* EXERCISE PROMPT *
Lines where the string "plus" appears are to be copied from the entries below.
(SUPPLIED RECORDS)
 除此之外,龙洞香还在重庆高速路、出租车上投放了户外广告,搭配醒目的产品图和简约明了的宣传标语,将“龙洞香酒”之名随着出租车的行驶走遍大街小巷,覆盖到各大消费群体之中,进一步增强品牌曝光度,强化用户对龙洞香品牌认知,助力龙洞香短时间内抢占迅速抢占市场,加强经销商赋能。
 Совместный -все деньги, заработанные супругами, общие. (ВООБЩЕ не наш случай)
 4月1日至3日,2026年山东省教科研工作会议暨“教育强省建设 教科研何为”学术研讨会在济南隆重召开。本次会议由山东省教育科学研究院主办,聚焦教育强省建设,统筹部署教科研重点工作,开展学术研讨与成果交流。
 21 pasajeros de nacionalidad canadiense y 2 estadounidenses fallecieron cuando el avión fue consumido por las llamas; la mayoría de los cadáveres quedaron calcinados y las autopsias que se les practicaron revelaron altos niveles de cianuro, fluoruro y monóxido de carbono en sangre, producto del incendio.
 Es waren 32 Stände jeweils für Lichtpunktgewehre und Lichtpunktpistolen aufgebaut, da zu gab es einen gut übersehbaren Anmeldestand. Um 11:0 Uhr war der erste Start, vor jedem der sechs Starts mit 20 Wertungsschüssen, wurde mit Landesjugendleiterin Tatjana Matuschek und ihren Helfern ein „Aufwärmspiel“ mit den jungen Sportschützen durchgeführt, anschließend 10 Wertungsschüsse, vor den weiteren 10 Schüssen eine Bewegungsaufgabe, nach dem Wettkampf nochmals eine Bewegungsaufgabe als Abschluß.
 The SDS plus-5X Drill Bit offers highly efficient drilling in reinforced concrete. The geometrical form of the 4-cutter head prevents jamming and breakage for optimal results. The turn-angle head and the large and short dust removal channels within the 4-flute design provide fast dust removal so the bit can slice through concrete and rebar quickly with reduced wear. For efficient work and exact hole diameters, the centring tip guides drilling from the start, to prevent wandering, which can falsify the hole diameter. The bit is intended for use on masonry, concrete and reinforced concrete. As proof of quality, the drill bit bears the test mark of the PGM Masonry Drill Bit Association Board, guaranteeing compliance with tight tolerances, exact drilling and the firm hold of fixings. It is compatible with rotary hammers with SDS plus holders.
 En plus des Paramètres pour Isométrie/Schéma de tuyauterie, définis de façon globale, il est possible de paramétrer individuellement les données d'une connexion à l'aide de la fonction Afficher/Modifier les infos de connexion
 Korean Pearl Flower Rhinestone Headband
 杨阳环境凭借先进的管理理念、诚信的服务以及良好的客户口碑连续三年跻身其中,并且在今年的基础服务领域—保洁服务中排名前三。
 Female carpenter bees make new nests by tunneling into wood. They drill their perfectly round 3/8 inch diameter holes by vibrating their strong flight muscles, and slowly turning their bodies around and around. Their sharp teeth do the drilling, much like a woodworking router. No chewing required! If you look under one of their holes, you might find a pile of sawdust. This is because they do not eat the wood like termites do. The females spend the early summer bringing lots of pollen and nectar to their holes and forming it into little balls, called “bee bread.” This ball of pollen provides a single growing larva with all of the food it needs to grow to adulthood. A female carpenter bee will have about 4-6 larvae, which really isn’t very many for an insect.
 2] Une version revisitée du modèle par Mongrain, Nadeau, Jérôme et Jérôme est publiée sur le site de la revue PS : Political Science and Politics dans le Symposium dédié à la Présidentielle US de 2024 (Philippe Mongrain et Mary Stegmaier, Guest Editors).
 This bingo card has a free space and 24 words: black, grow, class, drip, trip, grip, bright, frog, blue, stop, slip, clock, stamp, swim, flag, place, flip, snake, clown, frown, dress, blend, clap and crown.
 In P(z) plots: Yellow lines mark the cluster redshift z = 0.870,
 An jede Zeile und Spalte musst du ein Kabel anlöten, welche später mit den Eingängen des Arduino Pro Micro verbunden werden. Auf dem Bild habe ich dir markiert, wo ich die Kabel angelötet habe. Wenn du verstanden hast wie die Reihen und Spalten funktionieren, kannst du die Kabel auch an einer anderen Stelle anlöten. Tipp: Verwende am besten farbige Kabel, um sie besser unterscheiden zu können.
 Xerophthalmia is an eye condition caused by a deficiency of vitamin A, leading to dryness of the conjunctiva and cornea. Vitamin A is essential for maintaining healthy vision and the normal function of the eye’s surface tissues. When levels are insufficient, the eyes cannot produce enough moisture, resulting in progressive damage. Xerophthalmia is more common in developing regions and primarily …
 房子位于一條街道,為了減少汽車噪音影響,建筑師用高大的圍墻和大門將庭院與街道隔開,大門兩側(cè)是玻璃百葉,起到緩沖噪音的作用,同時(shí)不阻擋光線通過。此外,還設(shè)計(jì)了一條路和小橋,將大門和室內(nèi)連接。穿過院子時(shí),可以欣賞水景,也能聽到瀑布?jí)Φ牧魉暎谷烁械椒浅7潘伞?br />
(End SUPPLIED RECORDS)
* RESULT OF THE TASK *
 The SDS plus-5X Drill Bit offers highly efficient drilling in reinforced concrete. The geometrical form of the 4-cutter head prevents jamming and breakage for optimal results. The turn-angle head and the large and short dust removal channels within the 4-flute design provide fast dust removal so the bit can slice through concrete and rebar quickly with reduced wear. For efficient work and exact hole diameters, the centring tip guides drilling from the start, to prevent wandering, which can falsify the hole diameter. The bit is intended for use on masonry, concrete and reinforced concrete. As proof of quality, the drill bit bears the test mark of the PGM Masonry Drill Bit Association Board, guaranteeing compliance with tight tolerances, exact drilling and the firm hold of fixings. It is compatible with rotary hammers with SDS plus holders.
 En plus des Paramètres pour Isométrie/Schéma de tuyauterie, définis de façon globale, il est possible de paramétrer individuellement les données d'une connexion à l'aide de la fonction Afficher/Modifier les infos de connexion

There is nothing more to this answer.